Article

Making dormitories "more than just places to crash"

June • 1985
Article
Making dormitories "more than just places to crash"
June • 1985

Talking of teenage troubles and the Third World; sitting in on dorm council meetings; lounging in student rooms; laying out wine and cheese on a Friday afternoon: Those tasks are part of maintaining "a familiar, friendly faculty face" for seven professors on campus. The seven are the first participants in the faculty masters program, an effort to bridge the gap between the classroom and the dorm room.

According to Assistant Dean of Residential Life John Jennings, the masters - some live-in, others part-time - are there to open up intellectual and social options, break down the barrier of "professor," build idea networks of students and staff, and forge a needed link between course learning and students' lives. Jennings and his colleagues hope the masters will help make the dorms vibrant enough to support the intense academic program. As English professor Donald Pease, master of the Fayerweather cluster, put it, "We'd like to show students how the dorms can be much more than just places to crash."

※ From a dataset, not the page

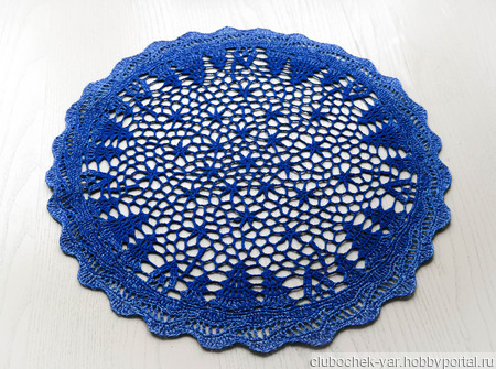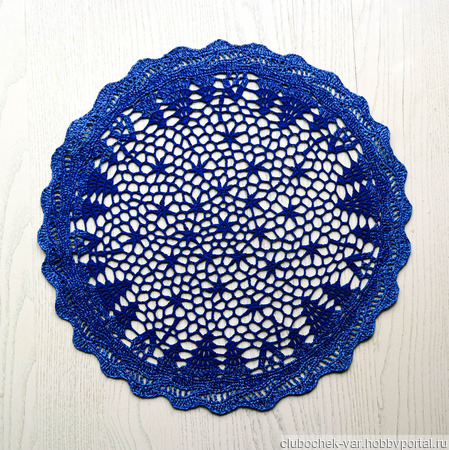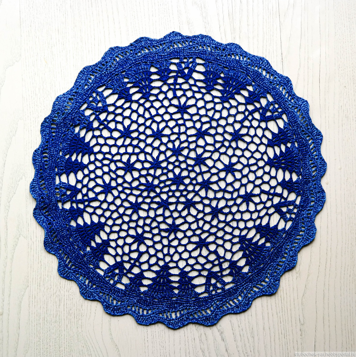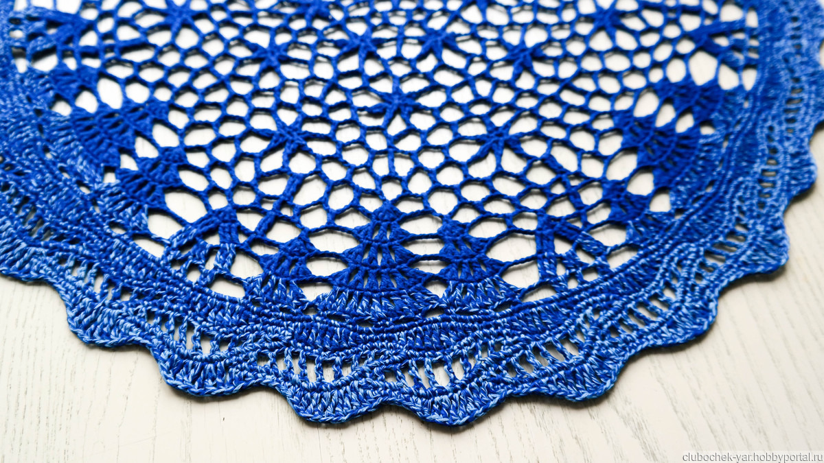 Салфетка "Зимняя" связана по авторскому дизайну Д. Дубчак. Использована турецкая пряжа Rosegarden Yarnart, 100% хлопок. Темно синий цвет переходит по краям в более светлый, размытый -темное звездное небо в обрамлении заснеженных ёлочек.

Spurred on by their newfound faculty friends, students are adding variety to a social menu that once centered around keg parties. Campus and international issues debates, film series, and wine and cheese get-togethers are just some of the new offerings. With bigger, plusher lounges on the way, cluster councils are laying plans for fall theme parties, public panels, and string quartet concerts.

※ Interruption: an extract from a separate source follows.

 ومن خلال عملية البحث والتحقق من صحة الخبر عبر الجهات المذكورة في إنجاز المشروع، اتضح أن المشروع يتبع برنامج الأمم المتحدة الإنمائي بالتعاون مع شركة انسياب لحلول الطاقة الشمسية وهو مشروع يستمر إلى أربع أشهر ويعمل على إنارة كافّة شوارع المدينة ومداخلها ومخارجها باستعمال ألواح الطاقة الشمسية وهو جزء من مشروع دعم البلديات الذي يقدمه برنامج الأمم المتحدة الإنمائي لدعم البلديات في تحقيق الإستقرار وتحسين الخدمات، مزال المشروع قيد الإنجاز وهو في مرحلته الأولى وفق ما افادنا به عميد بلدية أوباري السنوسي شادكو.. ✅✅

Some students have been hesitant about the program, slow to warm up to the adult presence in the dorms. But though at first the objects of suspicious glances, the masters are finding ways to fit in. Ted Mitchell, an education professor and ButterfieldRussell Sage master, regularly leaves his office in Butterfield and wanders into open student rooms for a chance to chat and show students he's "comfortable on their turf, not put off by things like dirty laundry." Religion professor Robert Henricks recently stirred up Gold Coast cluster interest with a Chinese cooking lesson. And English professor and New Hamp-Topliff master Peter Travis said, "I'm not a policeman of any sort. I'm just an enabler, a liaison, a counselor."

Jennings agrees. "Students have seen that masters haven't been disciplinarians," he said. "Many times they've been advocates of student concerns." Mass Row and independent-dorm students who rejected the idea before, he said, "are now asking us, 'When does our dorm get one?' " By next fall, Jennings's office plans to have a friendly faculty face in every dorm group.